How do you make an insurance story simple and interesting? “Honestly, I struggle all the time,” Lazar admitted. “I’ll talk to colleagues and explain it to them. If they look confused and their eyes glaze over, I know I haven’t gotten it yet. Just write the story as if you’re sitting around the bar talking.” More advice, I asked. Start writing the lede and the first graph in an e-mail. “Sometimes that gets you over the log jam.” Don’t be sheepish about asking for more explanations about how things work, and if you don’t understand keep asking. “Try not to get stuck in the weeds with jargon,” Lazar advised. “Get them to explain things in plain English. This is really a challenge.”

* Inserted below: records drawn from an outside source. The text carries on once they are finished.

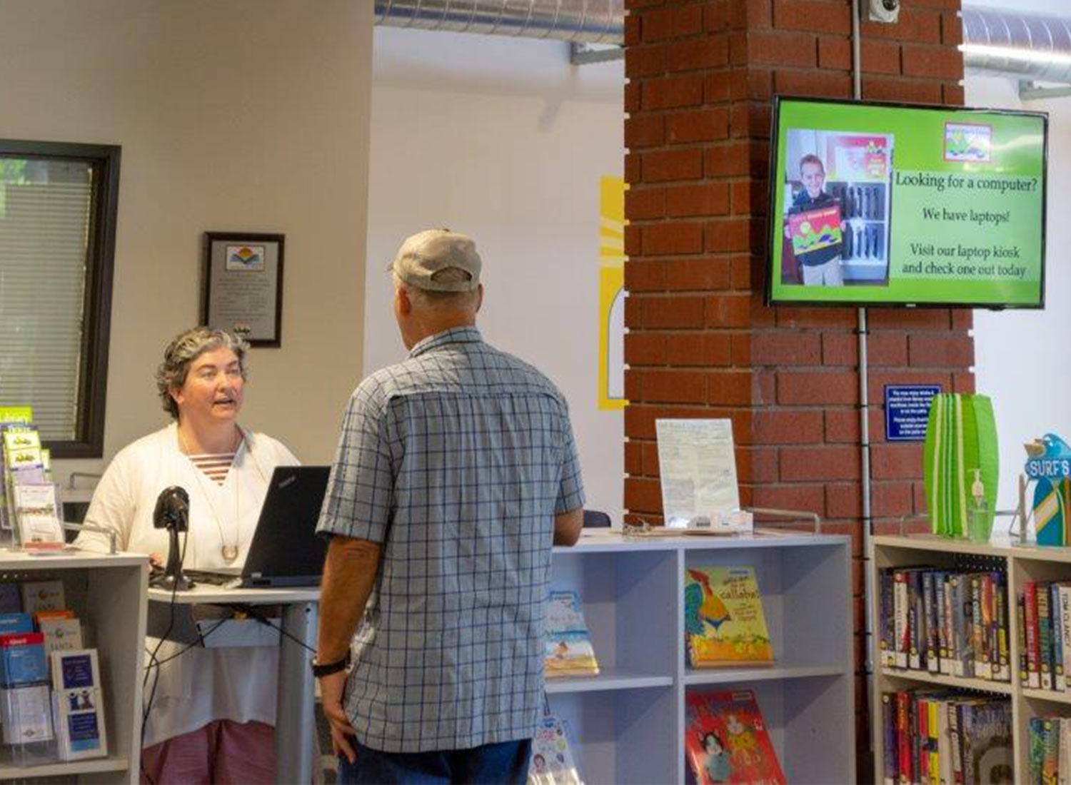 The library car park is shared with the Social Security office, other businesses, and a café, so often, patrons happen upon the branch by accident. However, once they’ve made the discovery, they often become regular users. One such user was a ghostwriter who used open+ hours to finish his novel. He would come in during early access hours to write in the quiet and then stay into regular staffed hours to get help with research and chat with the staff.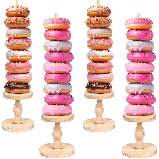 Wooden Donut Display Stand 4 Pack, Detachable Bagel Holder Stand, Dessert Table Tower Display Stand for Donut display Holder for Doughnut Birthday,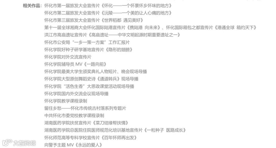 他參與拍攝剪輯了懷化市第一屆旅發(fā)大會宣傳片《懷化一個(gè)懷景懷鄉(xiāng)懷味的地方》、第十一屆全球湘商大會懷化國際陸港宣傳片《攜陸港向未來》、懷化市公安局‘一鄉(xiāng)一策一方案’工作匯報(bào)片以及洪江市高廟遺址宣傳片等。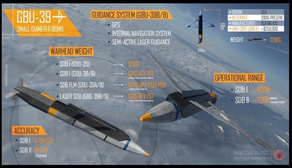 وتعد GBU‑39 واحدة من القنابل الانزلاقية الأكثر تطورًا في ترسانة الجيوش الغربية، تزن نحو 110 كيلوجرامات فقط، لكنها قادرة على اختراق الهياكل الخرسانية والتسبب بأضرار كبيرة مقارنة بحجمها.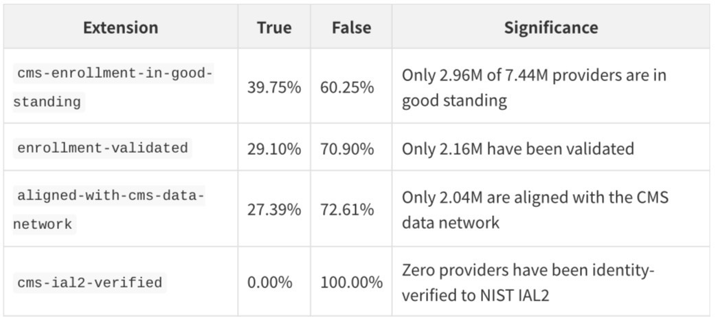 Every Practitioner record carries four CMS-specific boolean extensions that have no equivalent in any prior public dataset:
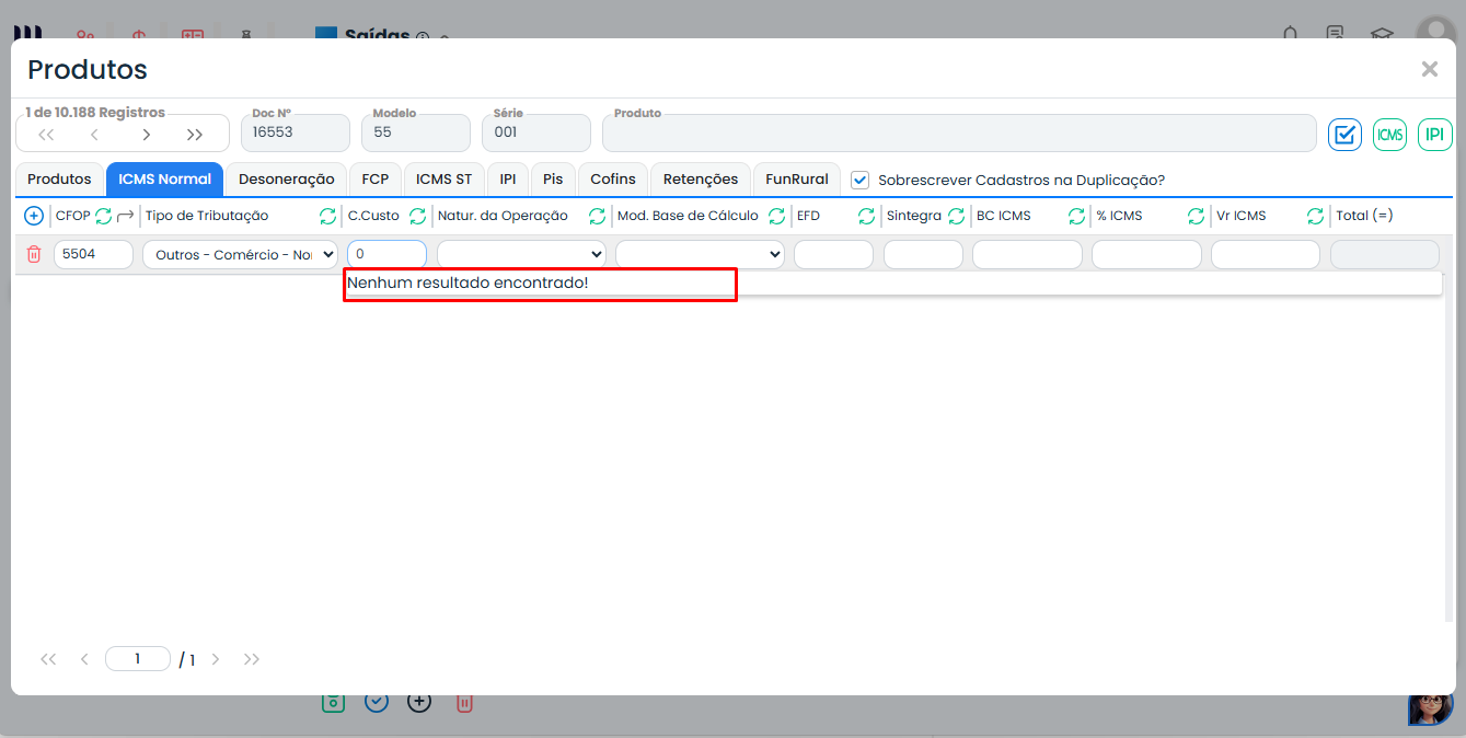 Caso seja exibida a mensagem “Nenhum resultado encontrado” ao tentar cadastrar o Centro de Custo na Nota Fiscal, é necessário realizar previamente o cadastro de um Centro de Custo vinculado ao CFOP correspondente informado no documento fiscal.

Covering Massachusetts health reform is not always easy, especially when public officials don’t want to talk. We talked about that problem, which all journalists have encountered, and specifically about getting information from the Health Connector. “There’s that tension and that’s not surprising,” she said, noting that good reporters try to find ways around government officials who stonewall. That’s a point that’s too often forgotten. Lazar says that she has learned that checking facts with government sources, though, can sometimes save you from making mistakes. That, too, seems old-fashioned in today’s hurried world of getting stuff up or out so fast the facts don’t always matter. Occasionally she e-mails sections of a story to an official at the Connector, asking him to check her facts. “He has saved me from some big mistakes,” she said.
What’s one health topic Lazar hasn’t tackled much “Medicare,” she answered without hesitating. “Every time I do a Medicare story my knees tremble.” Covering Medicare falls into a gray area, Lazar noted. Is it a Washington story or a local story? Sometimes news organizations are not so sure. All this points to the need for local reporters to pay more attention to Medicare. Campaign Desk hopes that Lazar will find the subject a little less daunting and create new ways to cover Medicare, leading the way for others on the beat.